# 1. Introduction
## 1.1 Summary
A market basket analysis would help understand the purchase behavior of customers. In a shopping cart, normally, there are several items as a combination depending on the preference of different customers. Knowing what items would come after particular items, shelf planners would have better ideas of what items should be put together. Also, retail managers would better understand what sorts of items should be stored in the warehouse to prevent insufficiency.

## 1.2 Analytics Tool and Dataset
This analysis uses Python as an analytics tool. 

There 2 given datasets. One contains 38765 transaction records with member IDs, transaction dates, and item names. The other one contains 14963 rows with only the items per transaction. 

# 2. Prepare
## 2.1 Analysis Plan
The analysis plan is to answer the questions.

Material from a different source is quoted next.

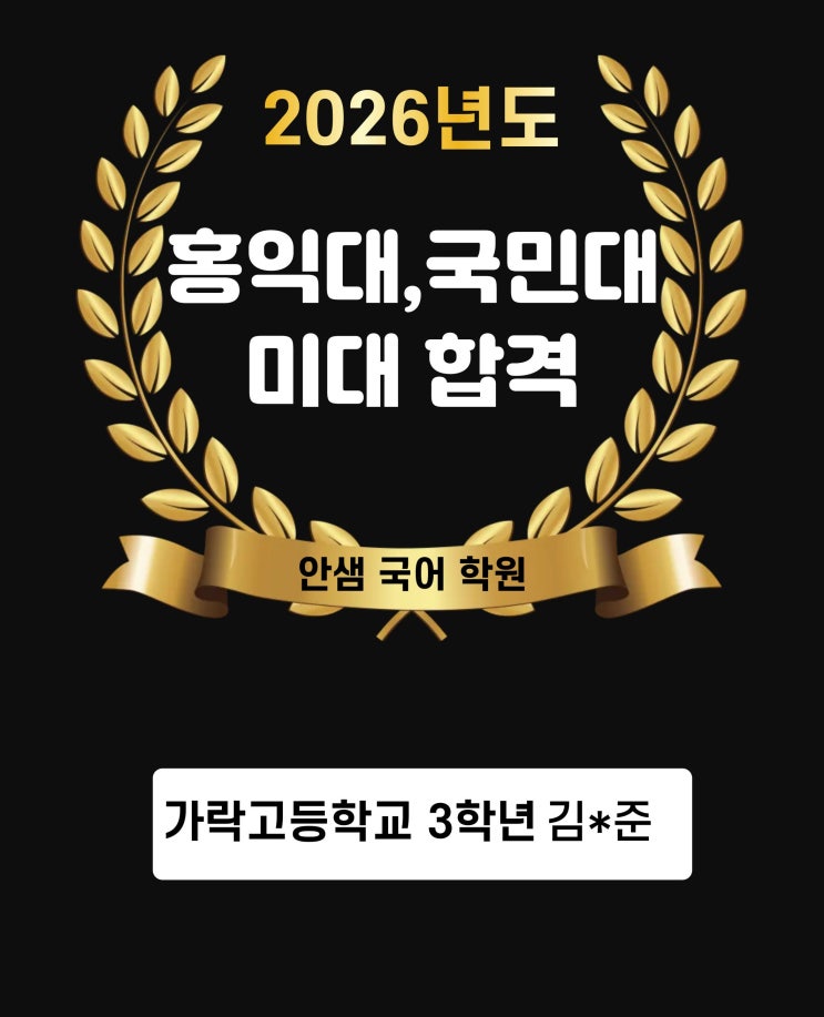 안녕하세요! 안샘학원입니다~~ 새학기가 되기 전 좋은 소식이 있습니다~ . . . 바로 저희 안샘국어학원을 고등학교 3년동안 열심히 다닌 가락고3 학생의 합격 소식인데요~~ 홍익대, 국민대 미대를 합격했다고합니다! 위 학생은 고등학교 입학초에 학원에 처음와 50점대로 시작하여 고3까지 꾸준히 안샘학원에서 공부한 결과 고3 모의고사를 안정적인 1등급, 국어 전교 등수 반석차 1등, 전체2등까지 최상위권의 국어 실력으로 올릴 수 있었습니다~! 저희 안샘 국어 학원에서는 원장님의 꼼꼼한 내신 직강과 조교들의 자체 제작 자료들로 수업이 이루어져있는데요~ 국어 내신공부에 큰 도움이 되었다고 합니다!! 또한 최상위권 성적을 낼 수 있었....... <img src="https://blogthumb.pstatic.net/MjAyNjAyMDdfOCAg/MDAxNzcwNDQ1OTU4MDI2.08zxZE5Gy5pEUYelrkEyljK7Fx2f-paYNr0S1sXp8v4g.UHNCw9yJBfj1xL_x668mcpuxnBIwrz3swfRR2n8OxFQg.JPEG/%C1%A6%B8%F1%C0%BB_%C0%D4%B7%C2%C7%D8%C1%D6%BC%BC%BF%E4..jpg?type=s3" />
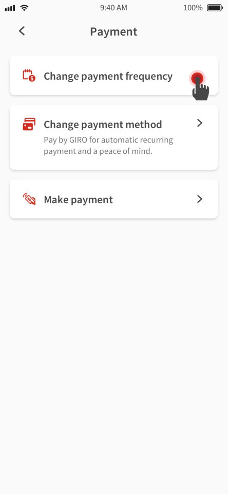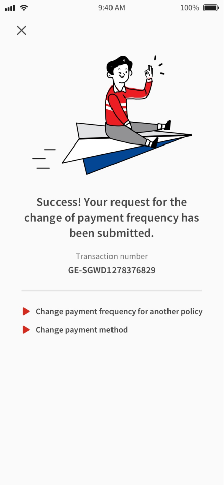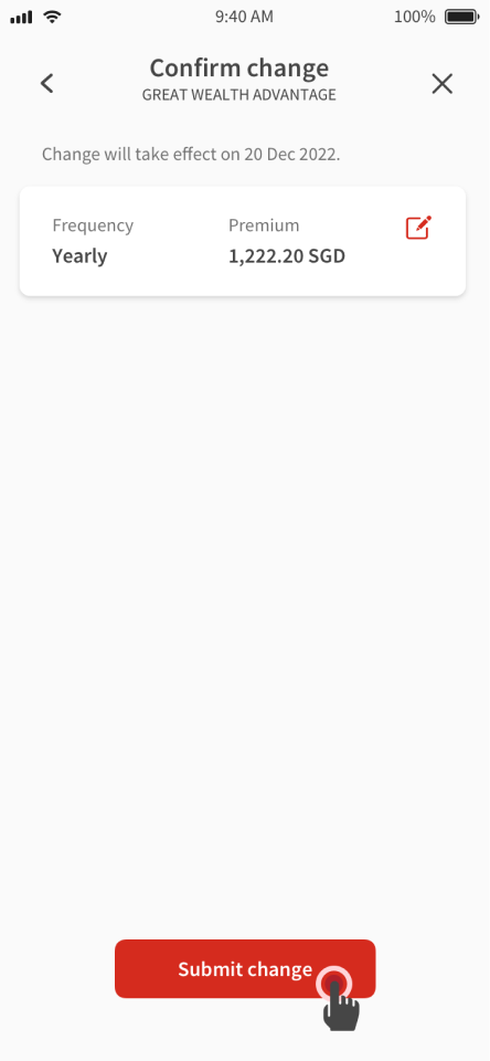 The effective date for your change may not be immediate. You can refer to the effective date in the request notification in the Great Eastern App. In the meantime, please continue to pay your premium on the stated due date.

1. What are the most frequently sold items?
2. what are the consequents of the chosen items?
3. How confident do the consequents come after the items?
4. What are the most important items that should always be in the store?
5. How the item network looks like?
6. What is the difference between analyzing the data based on customer ID and different transactions?

## 2.2 Method

This analysis will load the 2 datasets. The first one with member IDs will be used for creating a basket model based on IDs. The other one will be used for creating a model based on transactions. Literately, the total number of sold items should be the same. The analysis steps are as below.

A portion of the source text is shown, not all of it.